● Aim of the exercise
The response must be the exact lines from the line holding "图:3U601航班飞行轨迹 图片来源:飞常准" through the end of the entries, with no pictures and nothing else.

● Data
──────

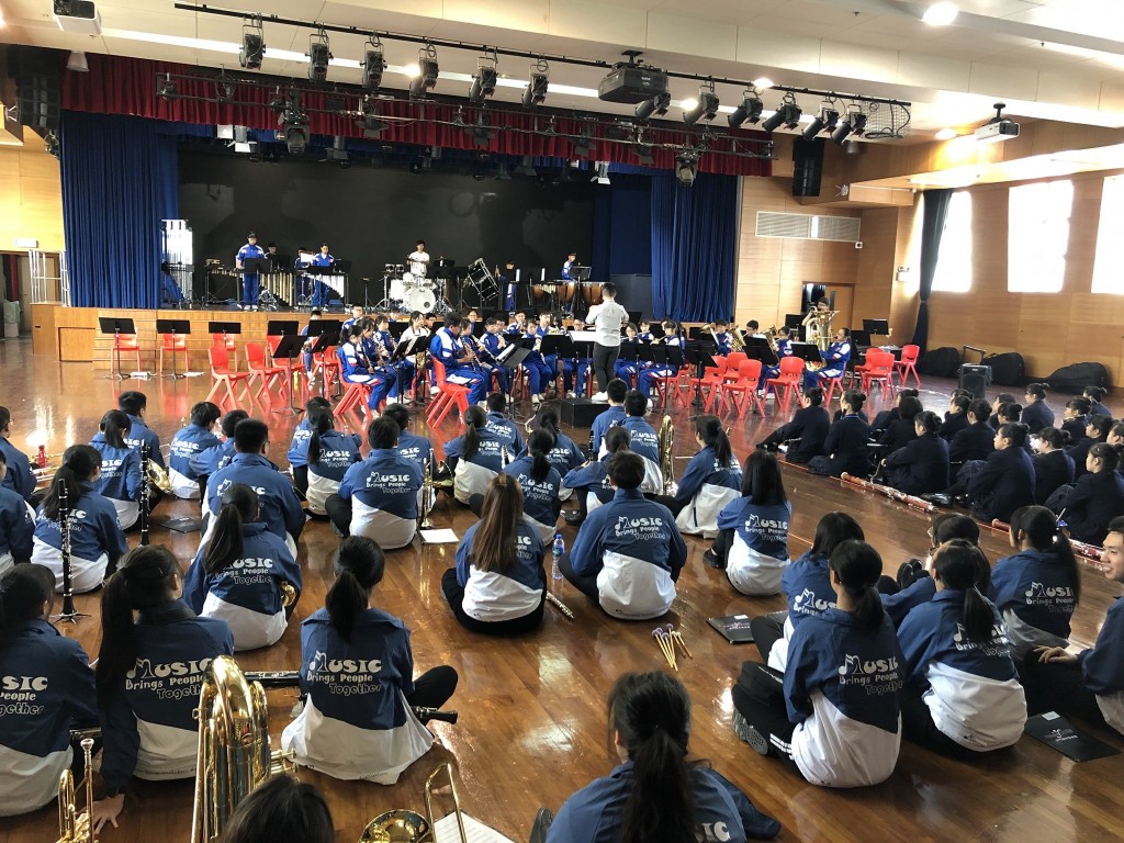 而在昨日上午,日本近江高等學校吹奏樂部、澳門青年管樂團成員來校,與本校管樂團交流。
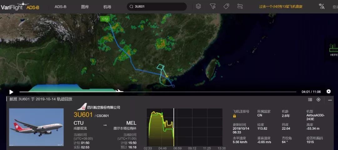 图:3U601航班飞行轨迹 图片来源:飞常准
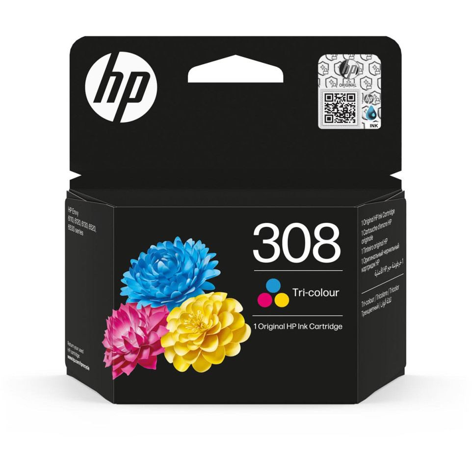 La cartouche d'encre HP 308, référence 7FP20UE, est conçue pour les imprimantes HP Envy 6110e, 6120e, 6122e, 6130e, 6132e, 6520e, 6530e, 6532e, 6558e et 6165e. Elle offre une impression tricolore (cyan, magenta, jaune) et une capacité standard de 120 pages.
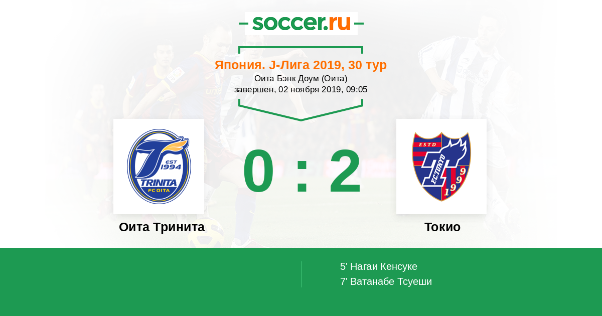 Протокол матча Оита Тринита против Токио
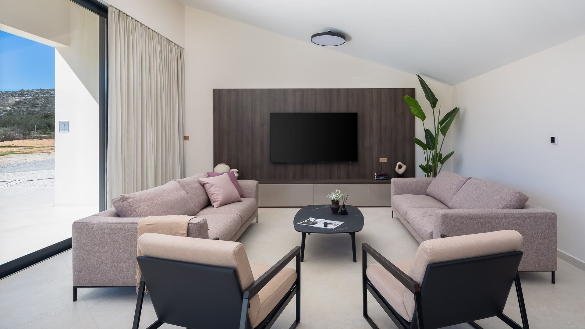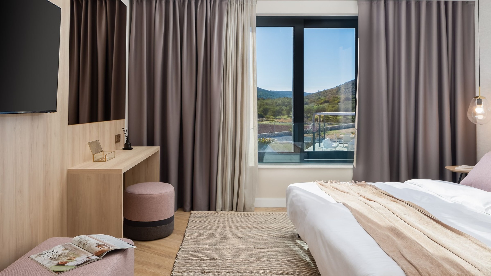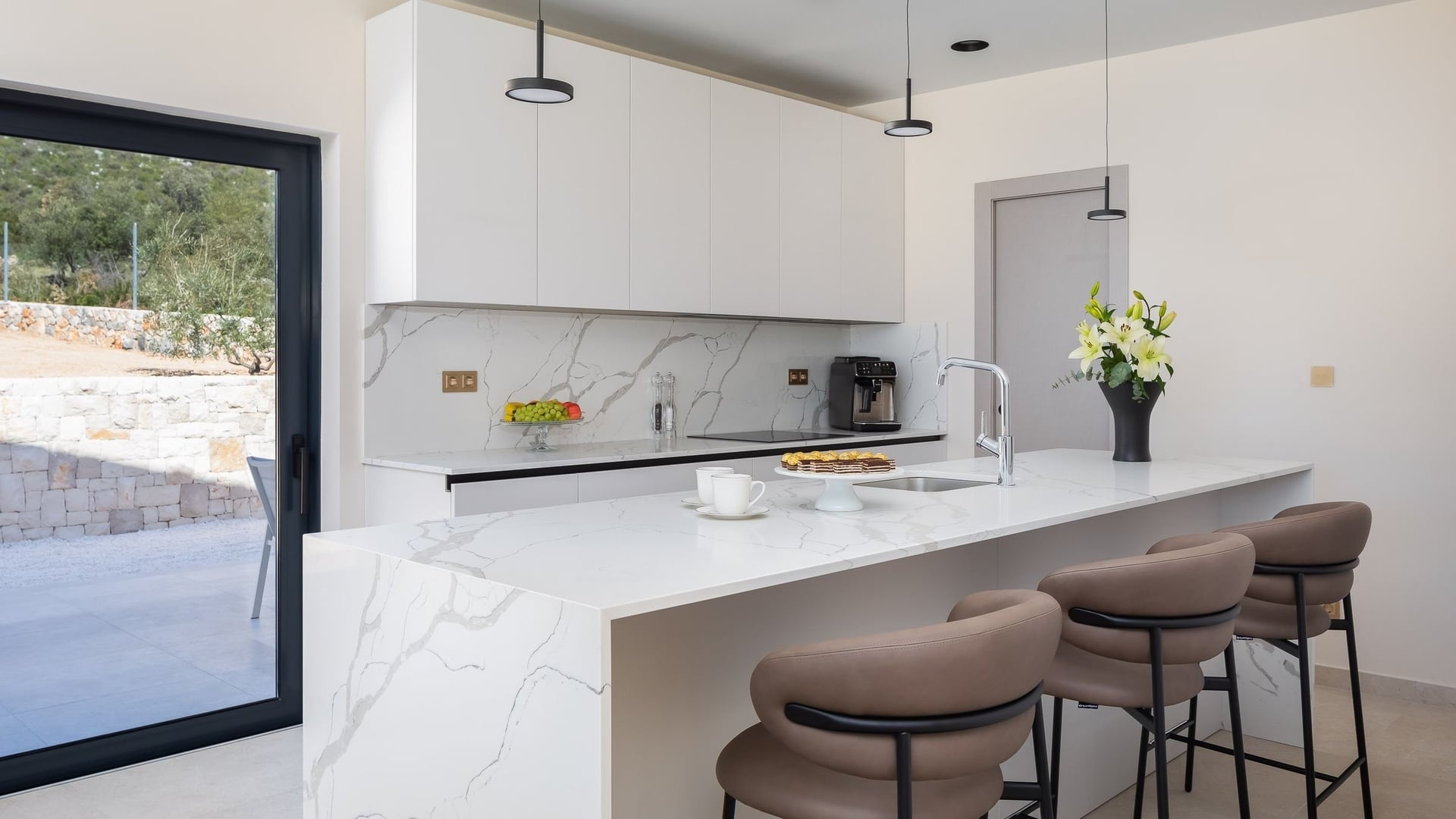 Součástí exteriéru je venkovní bazén o ploše 66 m² a krytá jídelna, která je ideální pro letní posezení. Vila je obklopena upravenou zahradou s typickými středomořskými rostlinami a nabízí ničím nerušený výhled do okolní přírody. K nemovitosti náleží také garáž o velikosti 35 m² se dvěma parkovacími místy a další dvě venkovní stání.
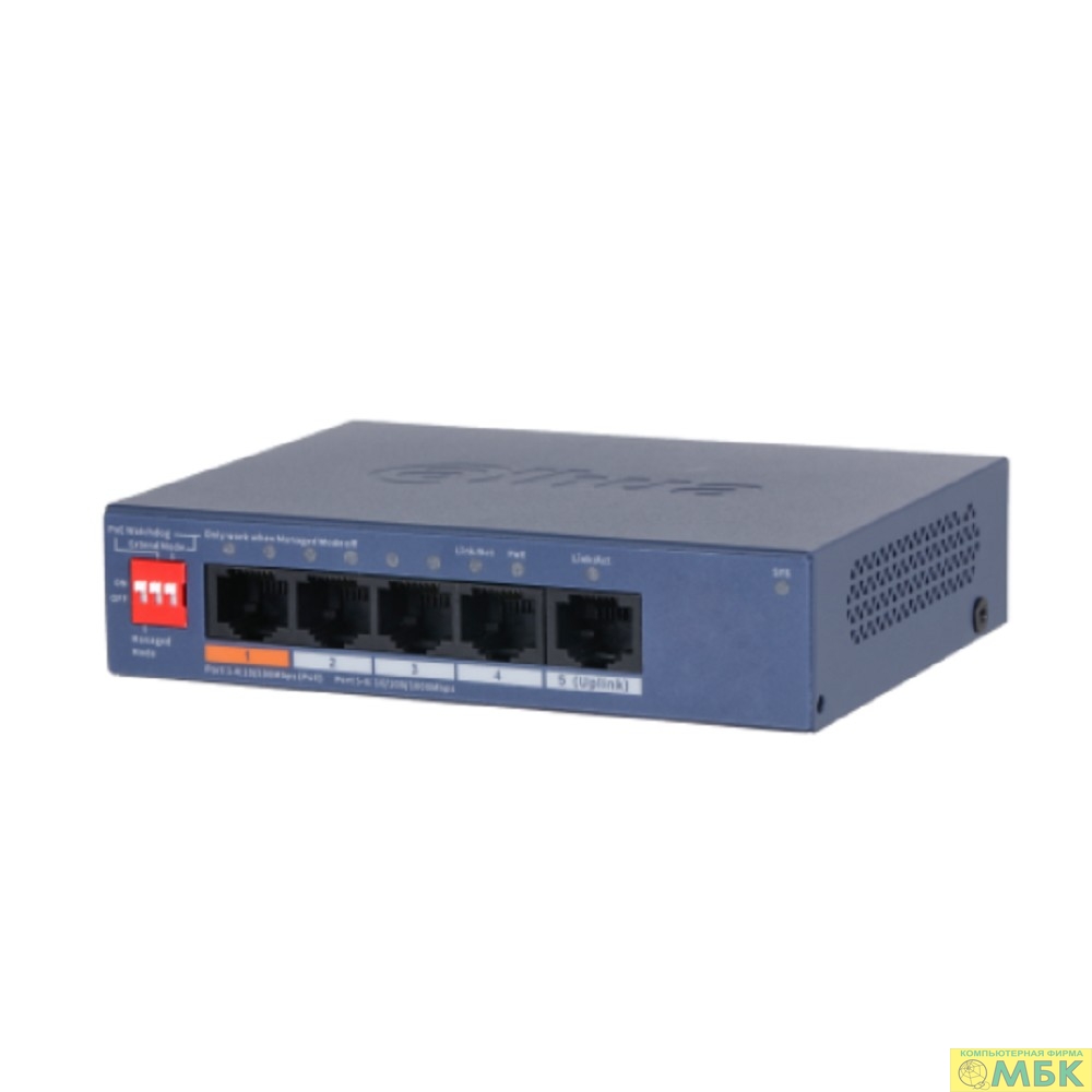 DAHUA DH-CS4005-4ET1GT-60 4-портовый гигабитный PoE коммутатор с функцией облачного управления, 4xRJ45 100Mb, 1xRJ45 1Gb uplink, суммарно 60Вт

──────

● Solution to this exercise
 图:3U601航班飞行轨迹 图片来源:飞常准
 La cartouche d'encre HP 308, référence 7FP20UE, est conçue pour les imprimantes HP Envy 6110e, 6120e, 6122e, 6130e, 6132e, 6520e, 6530e, 6532e, 6558e et 6165e. Elle offre une impression tricolore (cyan, magenta, jaune) et une capacité standard de 120 pages.
 Протокол матча Оита Тринита против Токио
 Součástí exteriéru je venkovní bazén o ploše 66 m² a krytá jídelna, která je ideální pro letní posezení. Vila je obklopena upravenou zahradou s typickými středomořskými rostlinami a nabízí ničím nerušený výhled do okolní přírody. K nemovitosti náleží také garáž o velikosti 35 m² se dvěma parkovacími místy a další dvě venkovní stání.
 DAHUA DH-CS4005-4ET1GT-60 4-портовый гигабитный PoE коммутатор с функцией облачного управления, 4xRJ45 100Mb, 1xRJ45 1Gb uplink, суммарно 60Вт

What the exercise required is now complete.